Пятеро других отправлены в подходящие для них заведения. Один — глухой, другой — эпилептик, остальные три — почти идиоты. Как они попали к нам? У нас воспитательное заведение, и мы не может расходовать наши драгоценные силы на дефективных детей.
Мы с доктором тщательно проштудировали былые меню и поражаемся разуму, который мог измышлять их. Вот один из излюбленных обедов:
ВАРЕНЫЙ КАРТОФЕЛЬНе пойму, как эти дети не превратились в сто одиннадцать комочков крахмала.
ВАРЕНЫЙ РИС
БЛАНМАНЖЕ
Когда смотришь на это заведение, так и хочется перефразировать Браунинга.
"Быть может, есть небо; конечно, есть ад;
Пока же, вот здесь, есть наш миленький сад"[2].
С. М.-Б.
Приют Джона Грайера.
Суббота.
Дорогая Джуди!
Между Робином Мак-Рэем и мною вчера вечером произошла новая битва по очень ничтожному поводу (права была я). С тех пор у меня есть для доктора ласкательное имя. «Здравствуйте, милый недруг!» — сказала я ему сегодня утром, и это задело его. Он, видите ли, не желает, чтобы на него смотрели, как на врага. Он ничуть не враждебен — пока я считаюсь во всем с его желаниями!
У нас двое новых детей, Изадор Гутшнейдер и Макс Джог, оба — от Баптистского женского общества. Как ты думаешь, где эти ребятишки подхватили такую религию? Я не хотела брать их, но бедные дамы были очень убедительны, к тому же они платят царскую сумму — четыре доллара пятьдесят центов в неделю за ребенка! Так что у нас теперь 113 детей, становится тесновато. У меня полдюжины младенцев на выданье. Найди мне несколько добрых семейств, которые хотят кого-нибудь усыновить.
Ужасно неудобно, когда не сразу вспоминаешь, сколько человек в твоей семье. Моя меняется изо дня в день, как курс на бирже. Хотелось бы удержать ее на одном уровне. Когда у женщины больше ста детей, она не может уделять им того внимания, в котором они нуждаются.
Воскресенье.
Это письмо два дня провалялось на моем письменном столе — некогда было наклеить марку.
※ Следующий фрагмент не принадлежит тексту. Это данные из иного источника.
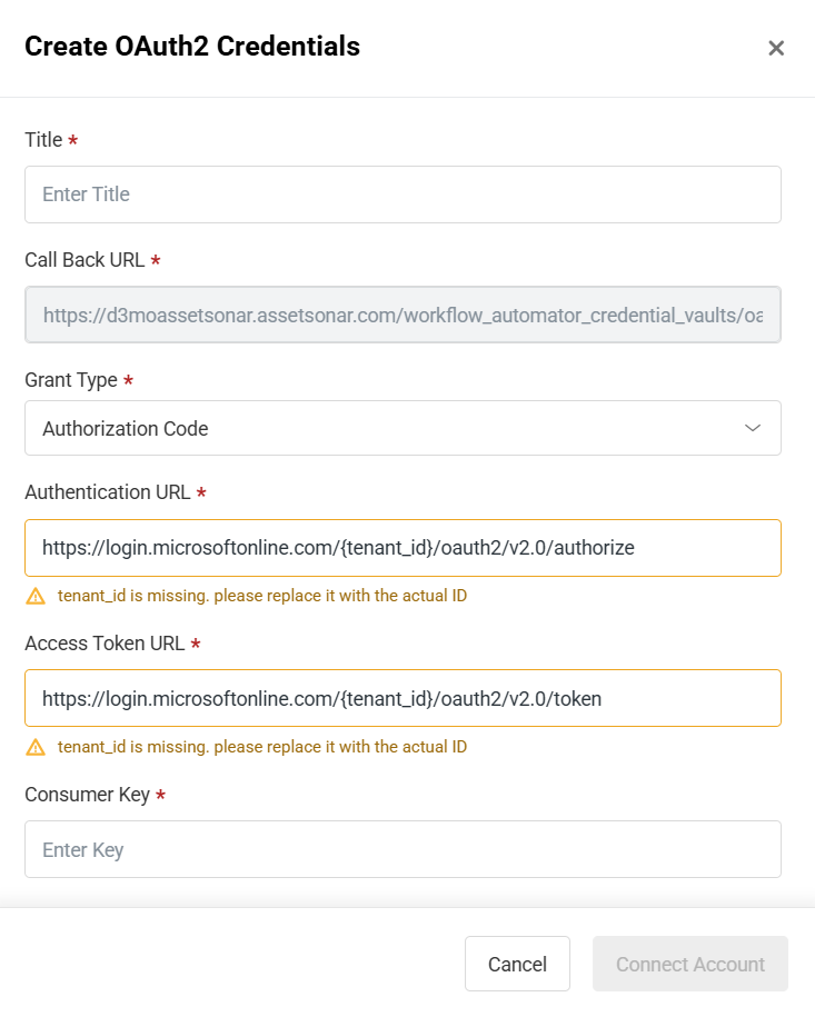 - When creating new credentials, AssetSonar will prompt you for the specific authentication details required by that third-party app (for example, OAuth 2.0). Once saved, these credentials can be reused across any workflow.
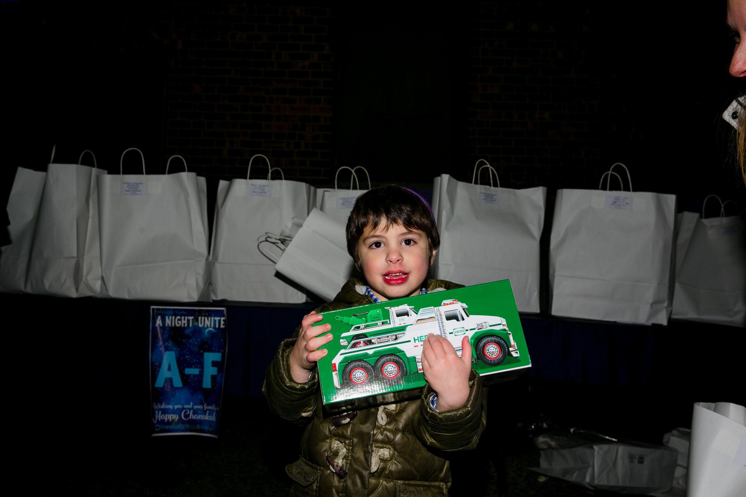 As the evening ends, families make their way to tables filled with white paper bags filled with toys and gifts. Every single toy has been purchased from FC’s Toy Drive.
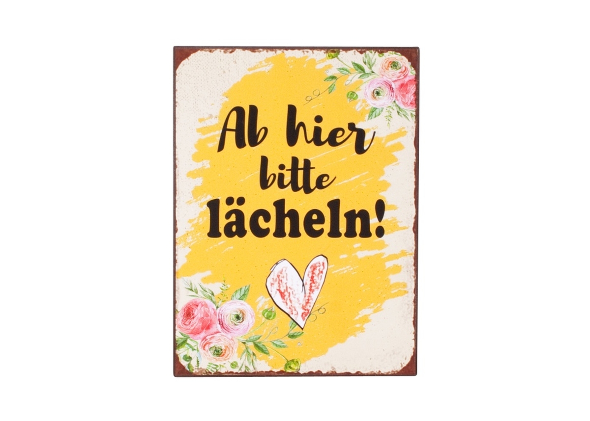 Deko Blechschild mit Spruch DARE, 'Ab hier bitte lächeln!', bunt, 26x35cm
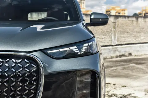 作为中期改款车型,2025款瑞虎8 PLUS在外观方面进行了较大的调整。新车前脸采用了大尺寸的进气格栅,内部融入了齿刃点阵式设计,视觉效果更为精致大气。两侧的大灯组采用了分体式布局,日行灯点亮之后呈现V字造型,主大灯则融入在保险杠两侧,并加入了熏黑的元素。
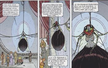 remarques: | le duc Malik a pris le pouvoir sur Mortelune alors que le prince et ses amis ont trouvé refuge dans les catacombes aquatiques de Mortelune >> p. 15 rencontre avec le contrôleur des lilas finalement, l'équipe de Nicolas sortent des catacombes par une sortie de secours (Orly sud), mais sont capturés par Malik qui tue petite souris pour faire parler Barnabé, l'inventeur de l'elixir de jouvence, par la même occasion, mort de Pancrasse, Barnabé meurt aussi, mais le prince et ses amis sont sauvés par un bateau volant manipulé par de mystérieux personnages cagoulés, ce sont des mouches géantes qui les amènent à la reine des hybrides qui veut produire une nouvelle race avec des humains, il n'en ont pas l'occasion, car Malik intervient et nos amis doivent s'enfuir en catastrophe avec un véhicule mis à leur disposition par la reine la poursuite continue avec une quête à la mer organisée par Nicolas >> p. 22/23 la vision de la mer par Nicolas >> p. 36 la reine des hybrides >> la série continue en s'essouflant quelque peu avec des apparitions cauchemardesques, mais un graphisme et scénario qui restent surprenant et bien imaginés |
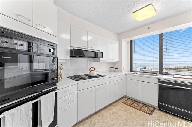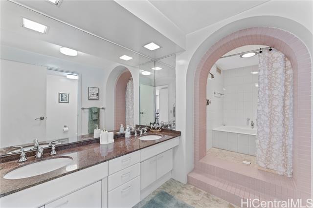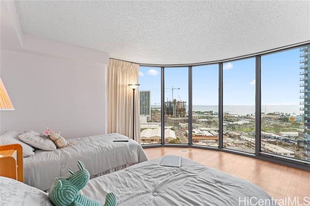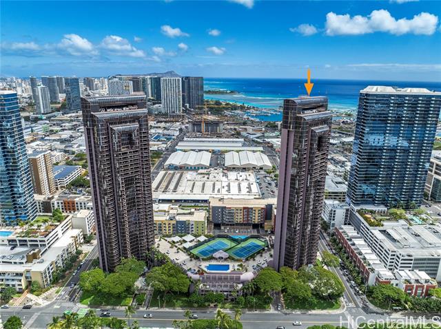 Sweeping ocean, mountain and city views from this 24th floor unit. Gorgeous, cool stone flooring throughout. This is your opportunity to live in the heart of Kakaako at a well established building. Restaurants, grocery stores, coffee shops, gyms, salons, and boutique shopping just outside your door! Building and unit equipped with fire sprinklers. Central AC, cable, internet and Washer/Dryer hook ups in unit. This two bedroom, two bathroom unit with two parking spaces has been lovingly cared for. Furniture negotiable. School zones obtained from Hawaii DOE school finder website. Buyer to verify. Monthly maintenance fee: $2051, Special Assessment: $114, Loan Assessment: $168 Electricity billed at special rate with maintenance fee: Varies but approximately $300 per month
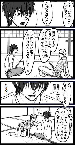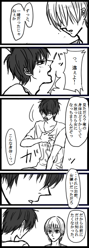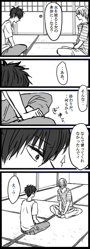 実は私女体化って苦手でして読んだことあまりなかったんです(←白状)で今回の漫画をかくのに当たって初めてらんまを読ませていだいて〈1/2ってそうゆう意味か!(はっ感心してる場合じゃないっ汗)〉と思いました実は実は(笑)

Сегодня как будто предвидится свободный вечер, и я хочу прибавить страничку-другую, прежде чем отправить письмо в приятное путешествие.
Только теперь я начинаю запоминать отдельные лица. Сперва мне казалось, что я никогда не смогу различать детей, в этих невыразимо уродливых платьях они безнадежно похожи друг на друга, точно выкроены по одному образцу. Только, пожалуйста, не пиши мне, чтобы их немедленно переодели. Я знаю, что ты этого хочешь, ты говорила мне пять раз. Надеюсь, через месяц я смогу об этом подумать, но сейчас их внутренности гораздо важнее, чем их внешность.
Нет никакого сомнения в том, что сиротки en masse[3] меня не привлекают. Я начинаю бояться, что знаменитым материнским инстинктом меня обделили. Дети как таковые — грязные, слюнявые существа, и носы их вечно нуждаются в чистке. Иногда какой-нибудь шаловливый, капризный малыш возбуждает во мне искру интереса, но в большинстве случаев они просто зыбкое пятно из белых лиц и синих клеток.
За одним исключением. Сэди Кэт Килкойн выделилась из массы в первый же день, и все говорит за то, что она не нырнет обратно. Она — мой маленький курьер и поставщик развлечений. За последние восемь лет тут не было ни одной шалости, которая не зародилась бы в ее своеобразном мозгу. По-моему, у нее весьма необычная история, хотя и довольно обычная в приютских кругах: ее нашли одиннадцать лет тому назад на последней ступеньке одного из домов 39-й улицы. Она спала в картонке с этикеткой «Альтман и К°».
На крышке же было аккуратно выведено: «Сэди Кэт Килкойн, пять недель. Не обижайте ее».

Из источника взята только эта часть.